Material/Methods: Forty patients aged 40–70 years with stable coronary artery disease were randomly allocated to two groups: remifentanil was used in 20 patients (group I) and fentanyl was used in 20 patients (group II). Induction of anesthesia was performed with remifentanil infusion (0.5 µg/kg/min) or a bolus dose of fentanyl (5 µg/kg) followed by a bolus of etomidate and pancuronium. Maintenance of anesthesia was provided by isoflurane and infusion of the study opioid, with the rate adjusted according to systolic blood pressure values. Hemodynamic parameters were registered before and after the induction of anesthesia, skin incision, sternotomy, aortic cannulation, termination of cardiopulmonary bypass, chest closure, and skin closure.

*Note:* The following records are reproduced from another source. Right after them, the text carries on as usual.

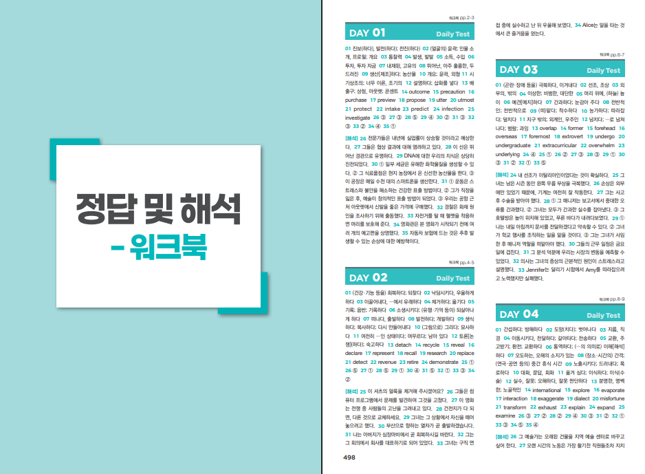 위 링크를 통해 능률 보카 고등 어원편 답지를 열람할 수 있습니다. 단어장이라서 따로 ‘답지’라고 부르지는 않지만, 이 책은 Day별 테스트와 Review Test가 워크북으로 제공되고, 뒤쪽에 정답 및 해석 파트가 같이 실려 있기 때문에 학생이 혼자 학습해도 채점이 가능합니다. 특히 어원 기반 단어장은 한 번에 다 외우기보다 자주 보고 듣는 게 중요한데, 이 책은 MP3와 QR을 무료로 주기 때문에 학부모가 “이건 꼭 매일 20분씩 들어라”라고 관리하기가 수월합니다 학습자료는 모두 홈페이지에서 확인할 수 있습니다.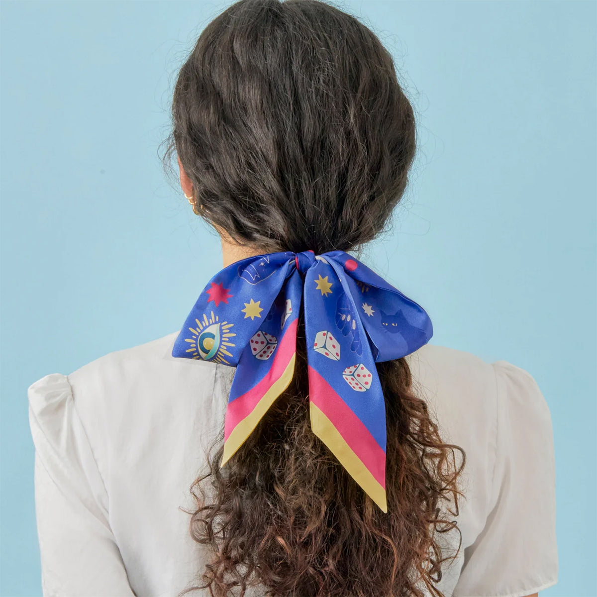 Made of hundred percent twill silk, this skinny scarf features a double-sided print for double the fun. Centinelle's skinny scarf silk twilly is perfect as head scarf, bracelet or tie to your hair bun, to decorate your bag handle… so many possibilities, the sky is the limit!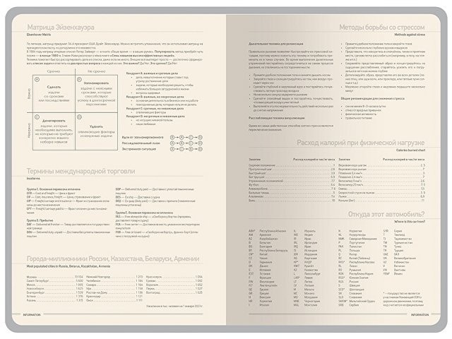 Стильный и современный, практичный и удобный, недатированный ежедневник "Megapolis Color" от Bruno Visconti для планирования рабочего времени и ведения деловых записей. Обложка изготовлена из искусственной кожи с Soft Touch покрытием. Обрез выполнен в цвет обложки ежедневника. Блок состоит из 272 страниц бежевой бумаги плотностью 70 г/кв.м. Для удобства навигации предусмотрена закладка-ляссе шириной 7 мм в цвет обложки. Недатированные страницы в серую линейку имеют отдельное место для проставления числа месяца и дня недели. Справочный блок на 17 страницах содержит полезную информацию из различных областей. Ежедневник выпускается в формате А5.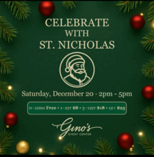 Join us for an afternoon of Holiday Cheer celebrating Gino's First Annual Food, Fun, and Carols with Saint Nick. Bring the whole family for a magical experience filled with music, creative crafts, festive foods, and drink. Your ticket includes entrance into our Holiday Raffle and take part in photo opts and chats with Saint Nick himself.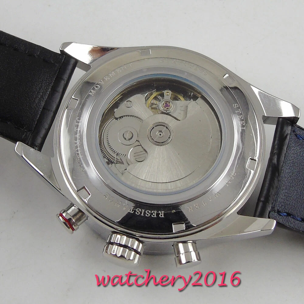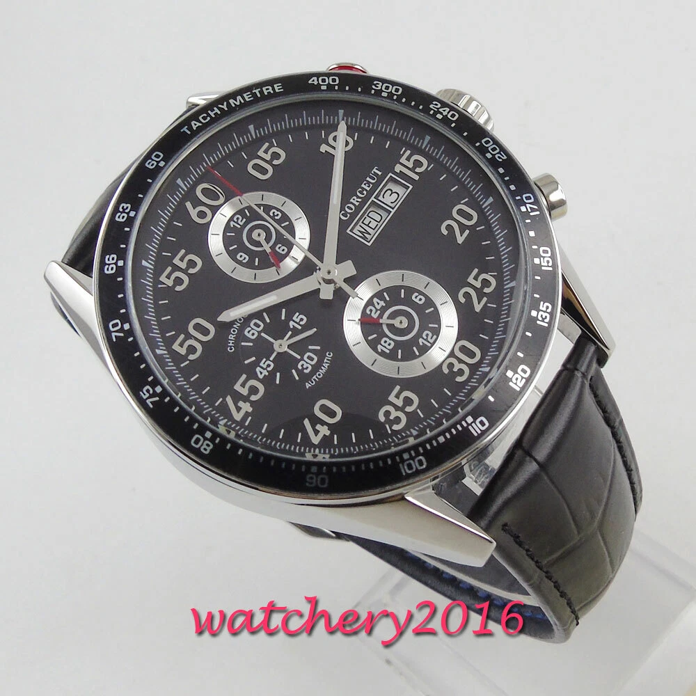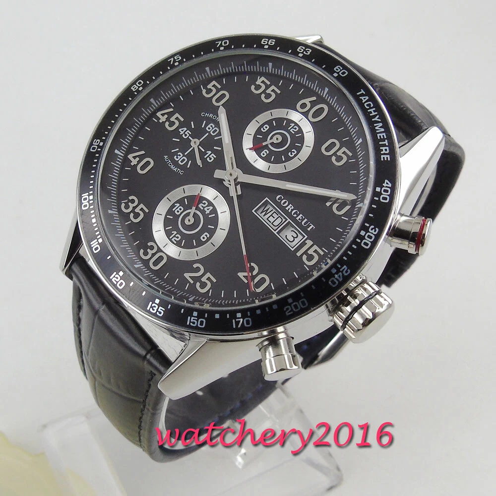 44mm Automatic Men's Watch Auto Date Week Black Dial Leather Strap 24 hours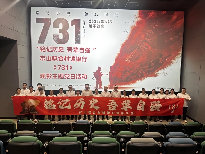 为进一步深化爱国主义教育,厚植家国情怀,9月25日晚,杭州联合银行主发起的常山联合村镇银行工会组织全体员工开展“铭记历史,吾辈自强”主题党日活动,集体观看爱国主义题材电影《731》。通过影像的力量,引导员工在重温历史中汲取奋进力量,强化使命担当,坚守金融服务初心。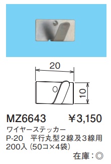 MZ6643 ワイヤーステッカー(P-20・平行丸型2線及3線用)200入(50コ×4袋)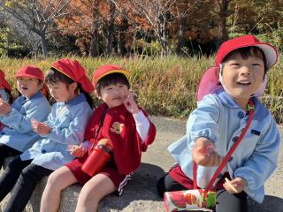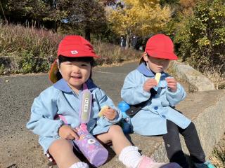 もも組さんにとって今までの園外で一番長距離の散歩で、だんだん足取りが重くなる子も…。それでも自然を楽しみながら自分の力で歩き切ることができました!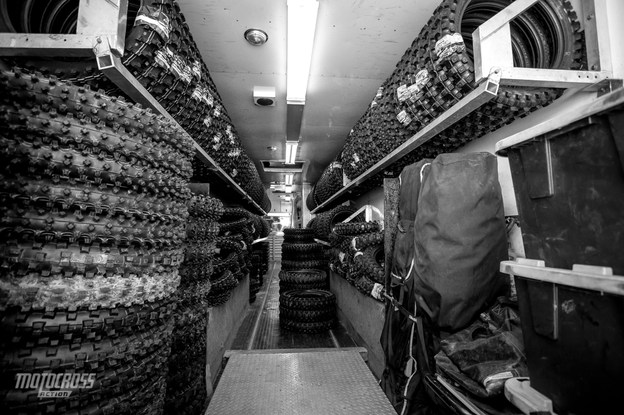 Chez MXA, les équipes optent souvent pour le duo Dunlop MX33, un choix qui s’explique par la polyvalence. Quand le tracé alterne portions dures et passages sablonneux, l’intermédiaire se révèle le partenaire le plus fiable. Sa structure supérieure s’accroche sur terrain meuble, tandis que sa gomme douce assure la tenue sur sol compact. Certes, il ne remporte pas la palme du pneu “idéal” mais il gomme les différences de terrain avec une efficacité rare. Lorsqu’il est disponible, on privilégie même l’ancien MX3S à l’avant, réputé pour son toucher précis, même si son usage sur sol dur risque d’entailler les crampons. Le pari est assumé. La sensation de pilotage prime sur la crainte d’une usure rapide, contrairement au MX33 qui, lui, offre une robustesse sans faille mais une réponse moins vivante.
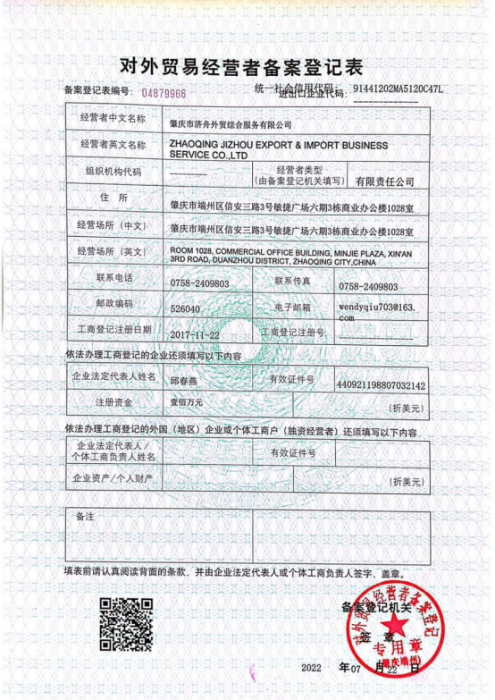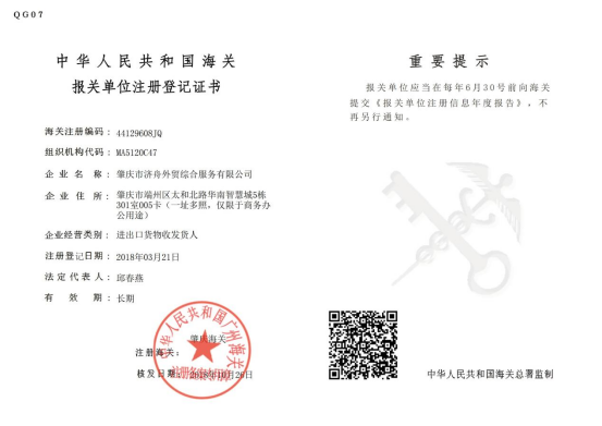 肇庆市济舟外贸综合服务有限公司成立于2017年,成立至今我们专注于外贸服务领域;从进出口代理开始,逐步成长为一家涵盖进出口代理、国际采购、报关和商检、国际收汇,物流、财税、深度服务于一体的外贸综合服务企业。肇庆济舟一直秉承“为了你的交付,我们全力以赴”的经营理念,不断为肇庆本土跨境电商企业合规化、便利化、简单化努力。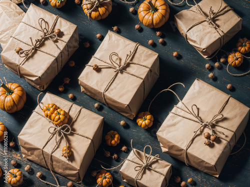 pumpkin, brown paper, twine, gift box, thanksgiving, harvest, home decor, celebration, table setting, festive season, autumn color, holiday spirit, warm tones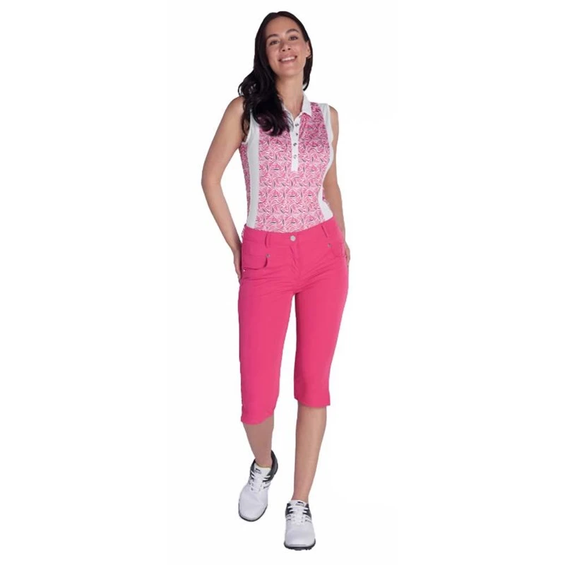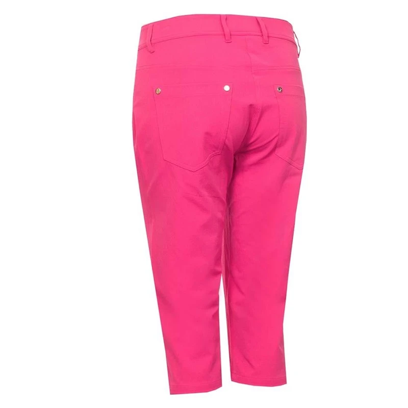 Beautifully crafted pedal pushers featuring silver metal logo rivets front and back, at pockets and double belt loops. The front and back seaming creates a tailored shape for a great fit. Soft stretchy fabric allows for enhanced freedom of movement.
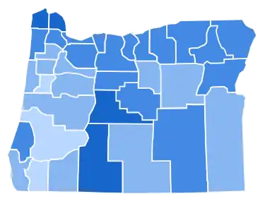 | Yamhill | 5,366 | 55.92% | 3,443 | 35.88% | 729 | 7.60% | 58 | 0.60% | 1,923 | 20.04% | 9,596 |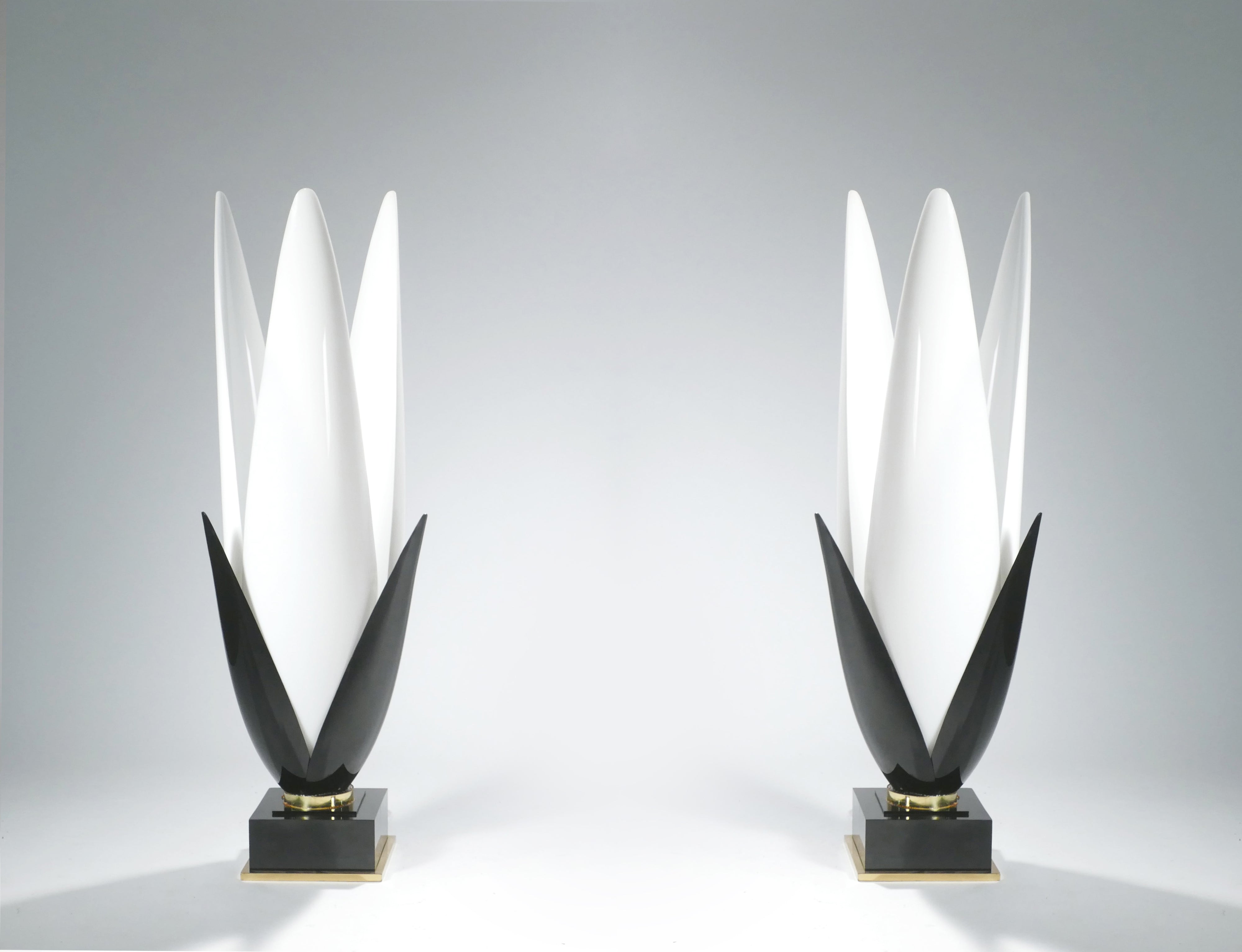 Rare et superbe paire de lampadaires ou grandes lampes de Roger Rougier pour la Maison Rougier en plexiglas perpex blanc et noir datant des années 70. Leur socle est laqué noir et cerclé de laiton. Des pièces très aériennes et très décoratives, en très bon état de conservation. Superbe design et très belle qualité de fabrication, très originale et typique des années 70.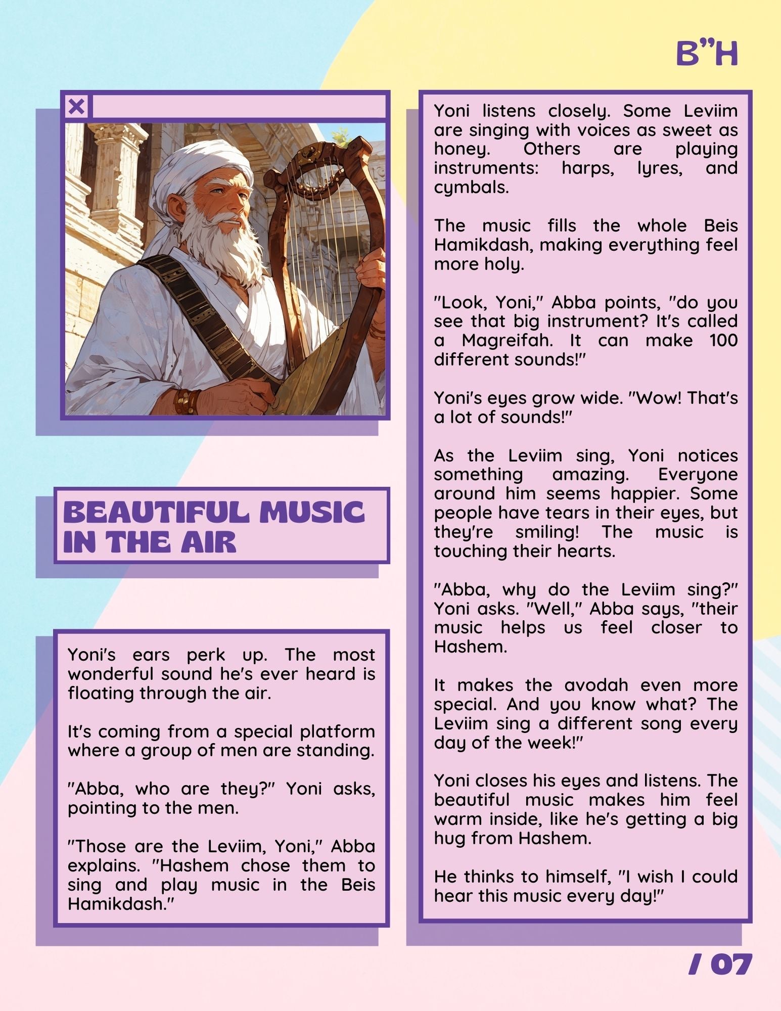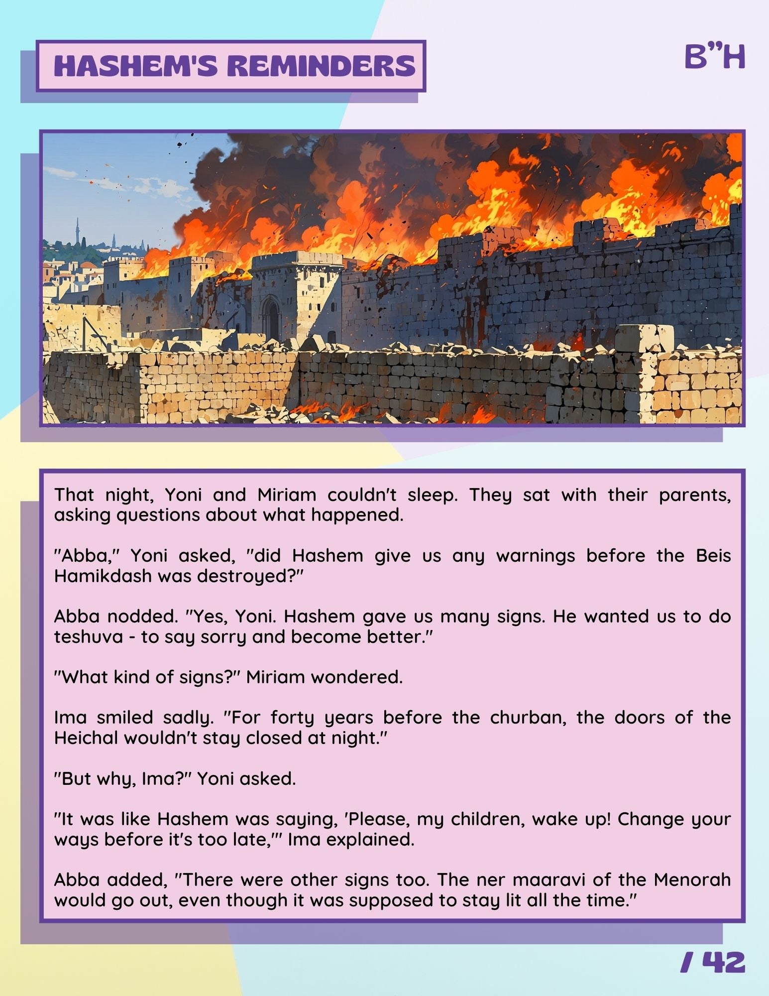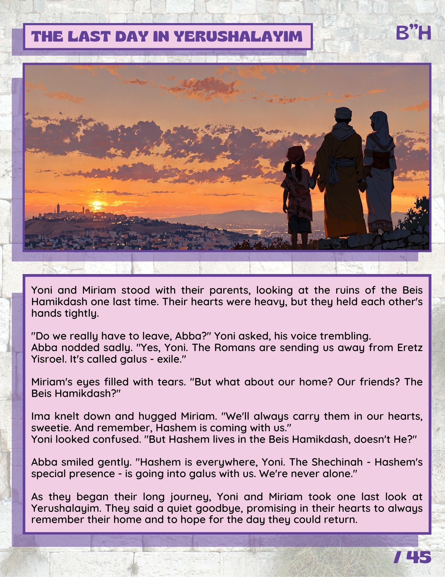 Experience the beauty and tragedy of the Second Beis Hamikdash era through the eyes of children in this beautifully illustrated journey. Follow Yoni and Miriam as they explore Yerushalayim during its glory days and witness its heartbreaking destruction, bringing to life the true significance of the Three Weeks and Tisha B'Av period.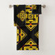 Bath towel set with patterns inspired by African colors and patterns, for a warm decoration of your bathroom. For a harmonious decor, explore the Afro Bath Collection.

Results: Heart rate and mean arterial pressure values were significantly lower in the remifentanil group, while systemic vascular resistance was higher in the fentanyl group in the measurements taken before the initiation of cardiopulmonary bypass. No differences were found between groups in the values of mean pulmonary pressure, pulmonary artery wedge pressure and transpulmonary pressure gradient, central venous pressure, and cardiac index.
Conclusions:Remifentanil is safe during inhalation anesthesia for coronary artery surgery and it appears to be more effective than fentanyl in blunting hemodynamic response before the initiation of cardiopulmonary bypass surgery.